György Dragomán:

Scheiterhaufen
[Máglya, Magvető Kiadó, 2014, 448 Seiten]

Eine Buchvorstellung von Levente Király

Was geschieht, wenn ein Land befreit wird? Sind plötzlich alle erleichtert oder schleppen wir die Last unserer Vergangenheit  mit uns?

Kurz vor Beginn der Geschichte wird der Diktator erschossen, die Requisiten der Unterdrückung werden rituell verbrannt, eine neue Welt wird aufgebaut oder wartet eher darauf, aufgebaut zu werden, denn alles ist unsicher, sogar die Leichen der Opfer, die in der Revolution umgekommen sind, werden gestohlen. Bedrückende Ängste, mörderische Wut, begrabene Verletzungen: die Schatten der unbegrabenen Vergangenheit  liegen in der Luft. Das in Scheiterhaufen dargestellte Land gleicht gespenstisch Rumänien,  ist aber nicht mit ihm identisch, so wie die Stadt auch am ehesten an Târgu Mureş (ung. Marosvásárhely) erinnert, sich aber doch in Vielem von der Wirklichkeit unterscheidet, sie ist wilder, roher, barbarischer und wie der Autor selbst formuliert hat: auf jeden Fall fiktiver.

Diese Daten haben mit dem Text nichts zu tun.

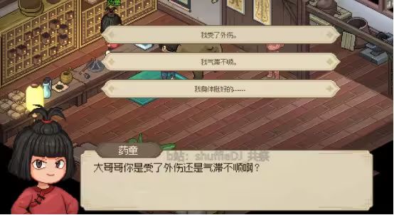 不护送就没东西了 回城跟小童对话告知(也没白嫖的药了)3天后郎中才回药店卖药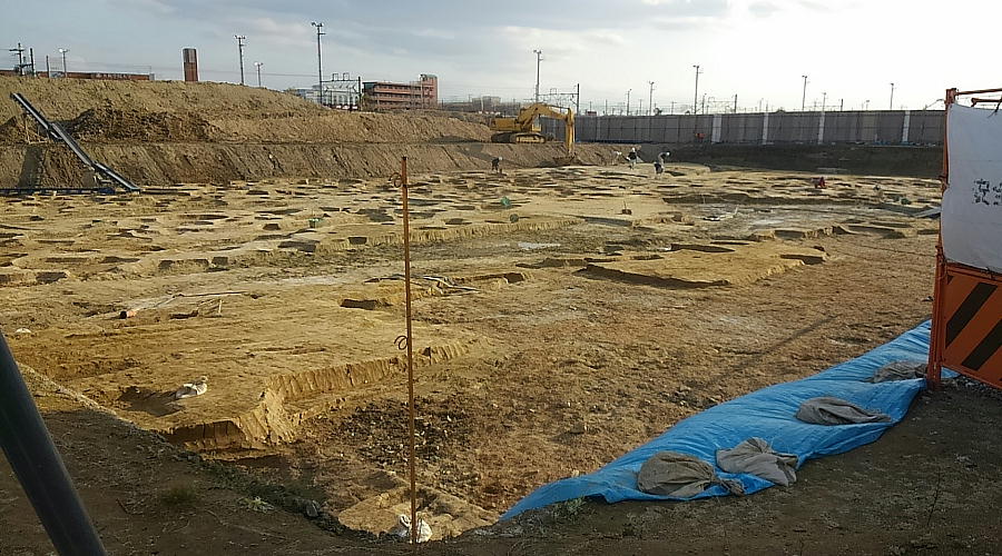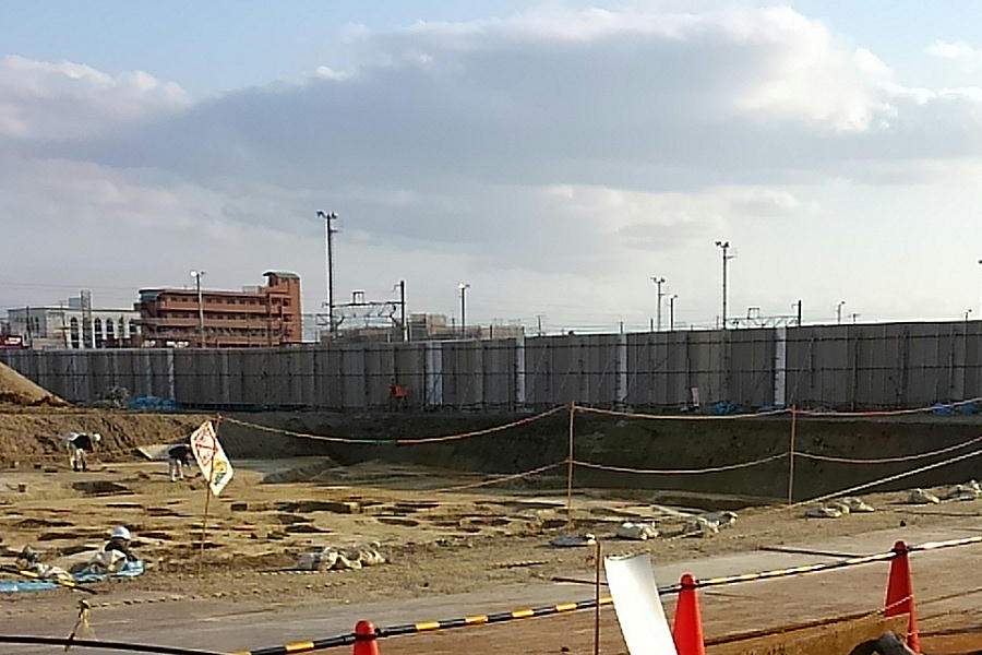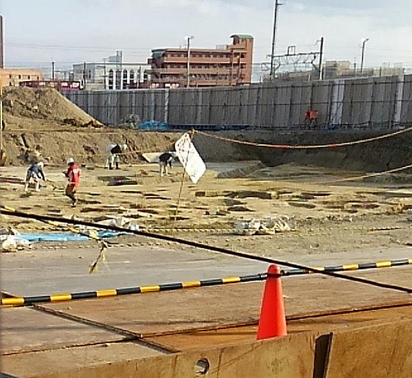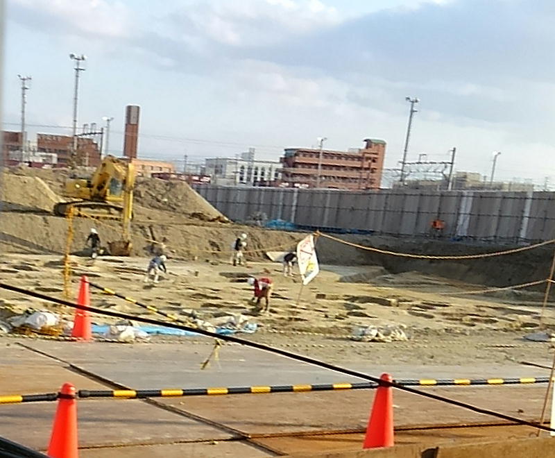 JR岸辺からさらに家へ歩き出すと、吹田操車場跡の工事現場に発掘している所があった。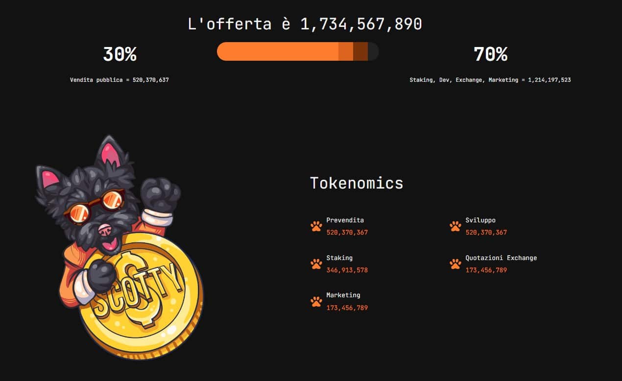 Il 30% dell’offerta totale dei circa 1,734 miliardi di token, circa 520 milioni, è stato destinato alla prevendita pubblica. Il restante 70%, circa 1,2 miliardi di token SCOTTY, sarà destinato allo staking, allo sviluppo, alla liquidità di scambio e al marketing.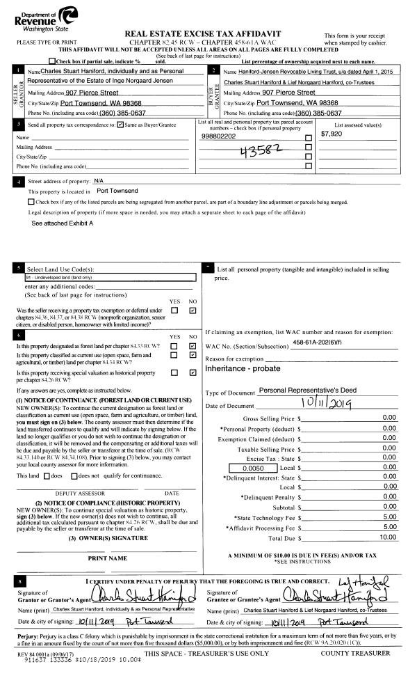 | 1 | 4615-1555A | Marrowstone Is Avg Wtr View <6 Acres | 1.9600 | 85377.60 | 0.00 | 0.00 | 0.00 | $68,992 | $0 |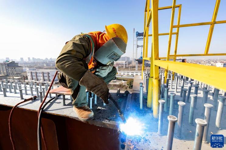 1月28日,在位于河北省石家庄市栾城区的中车齐车集团石家庄公司,车间员工进行焊接操作。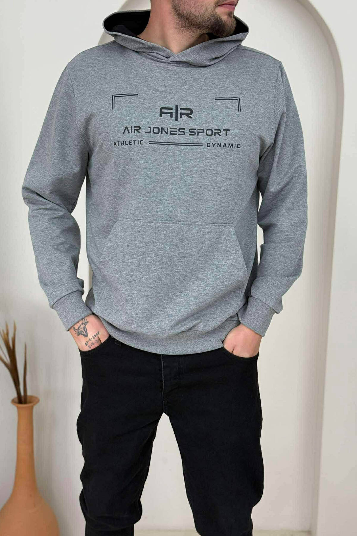 SIMPLE DESIGN ONE COLOR MEN HOODIE GREY/GRI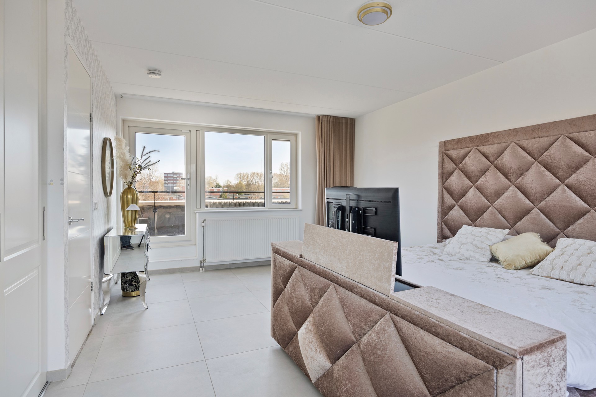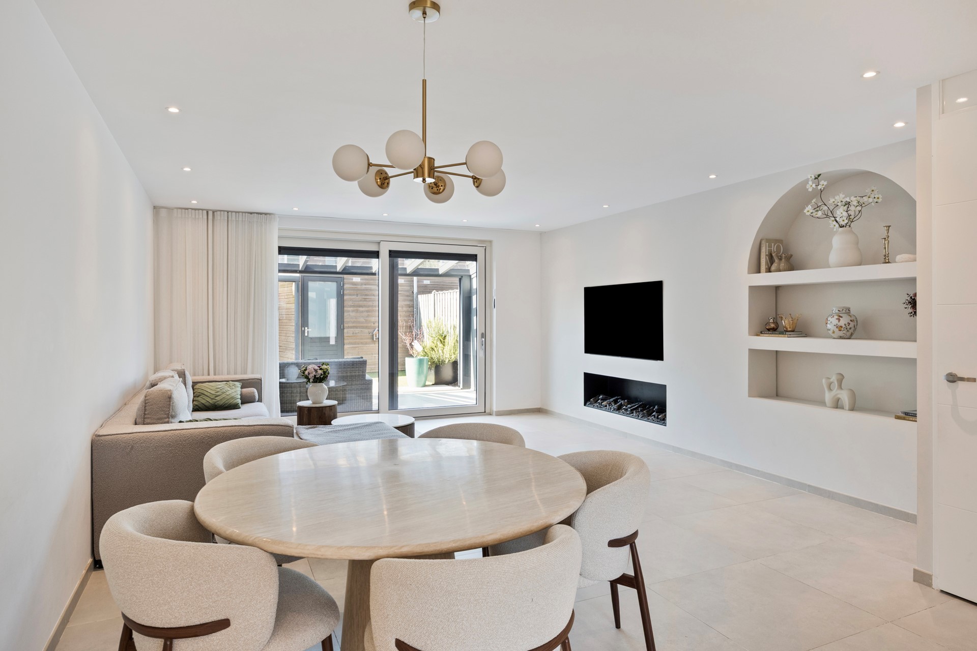 Continuing straight ahead, you enter the bright and spacious living room. The living room is equipped with comfortable underfloor heating, a sleekly finished cinewall, and large 80x80 cm floor tiles, creating a modern and luxurious appearance.
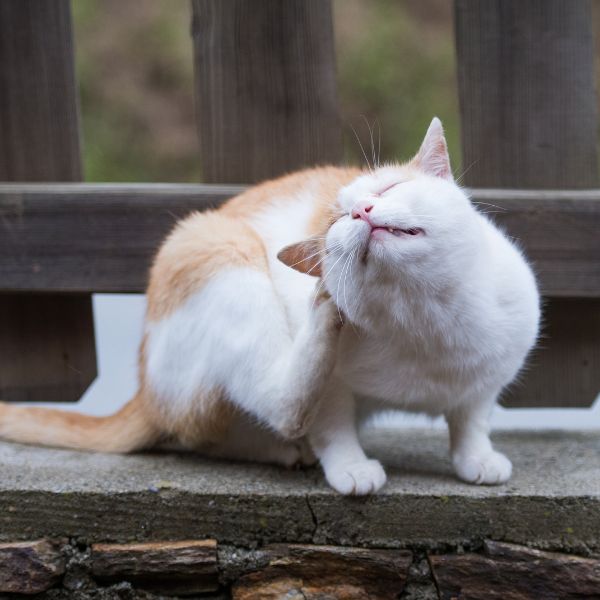 Vermehrtes Kratzen an Kopf, Nacken oder Pfoten sowie damit zusammenhängendes Beißen/Knabbern an den Pfoten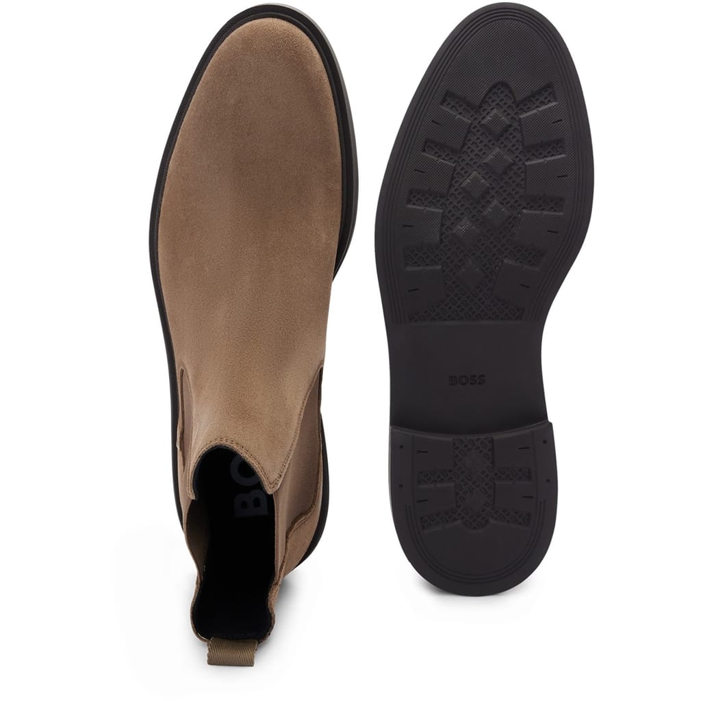 Discover the refined elegance of Boss Chelsea boots, a sophisticated addition to any footwear collection. Crafted with a classic round toe, these boots offer a timeless silhouette that seamlessly blends style and comfort. Perfect for those seeking a versatile and polished look, these Chelsea boots embody the essence of modern footwear design. -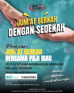 PEKAN BARU, Riauintegritas – Pengurus Daerah Persatuan Disc Jockey Indonesia (Pengda PDJI) Riau bersama Kordinator Wilayah (Korwil) Pekanbaru, Korwil Bengkalis dan Korwil Dumai menggelar kegiatan jumat berkah.

In dieser Welt versucht die Protagonistin des Romans, die dreizehnjährige Emma, als eine seltsame Fremde Halt zu finden, denn sie hat ihr Zuhause und ihre Eltern auf einmal verloren, unerwartet nimmt sie ihre Großmutter aus dem Heim zu sich. Eine neue Stadt, ein neues Zuhause, eine neue Schule, neue Freunde und Feinde erwarten sie. Jedes ihrer Worte und jede ihrer Taten sind von großer Bedeutung: die Trauer, die Freundschaft, die erste große Liebe, doch trägt zugleich auch jeder Augenblick die Möglichkeit der Katharsis in sich, und mit der Zeit kann auch aus dem meistgehassten Gegner ein guter Freund werden. Emma lernt die Magie des Alltags und die Zeremonien, mit denen sich das Schicksal wenden lässt, von ihrer Großmutter, obwohl anfangs auch ihre persönliche Vergangenheit ebenso wie jene der Außenwelt von Schweigen belastet ist. Dennoch entwickelt sich zwischen den beiden Frauen, dem jungen Mädchen und der alten Frau, allmählich eine enge Beziehung. Emma und die Großmutter zaubern mit Mehl und Schnee, mit Brot und Feuer, formen aus Lehm einen Golem, doch ist nicht dies die größte und schwerste Zauberei, sondern die Versöhnung. Emmas Kraft wird im Laufe der Geschichte immer größer, sie erreicht derartige Höhen der Freiheit, dass wir von ihr glauben: Sie wird vielleicht in der Lage sein, nein zu den Verbrechen der Geschichte zu sagen, sie wird vielleicht die seit Generationen aufeinander gehäuften Geheimnisschichten aufreißen und aus dem tragischen Kreis, in dem es keine Vergebung gibt, austreten können.

Der Roman ist eine Familiengeschichte und ein historisches Tableau zugleich. Seine Sprache ist kompakt und doch einfach, die einzelnen Abschnitte formen sich mit einer überwältigenden Intensität zu einer spannenden Geschichte, die den Leser gefangen nimmt und nicht ruhen lässt. Das alles sehende Auge des Kindes, die gierige Körperlichkeit des Teenagers und die nüchterne Aufmerksamkeit der Erwachsenen verflechten sich in dem Roman zu einem sinnlichen und empfindsamen Text. Er hinterfragt die Geheimnisse und weckt das geheime Wissen.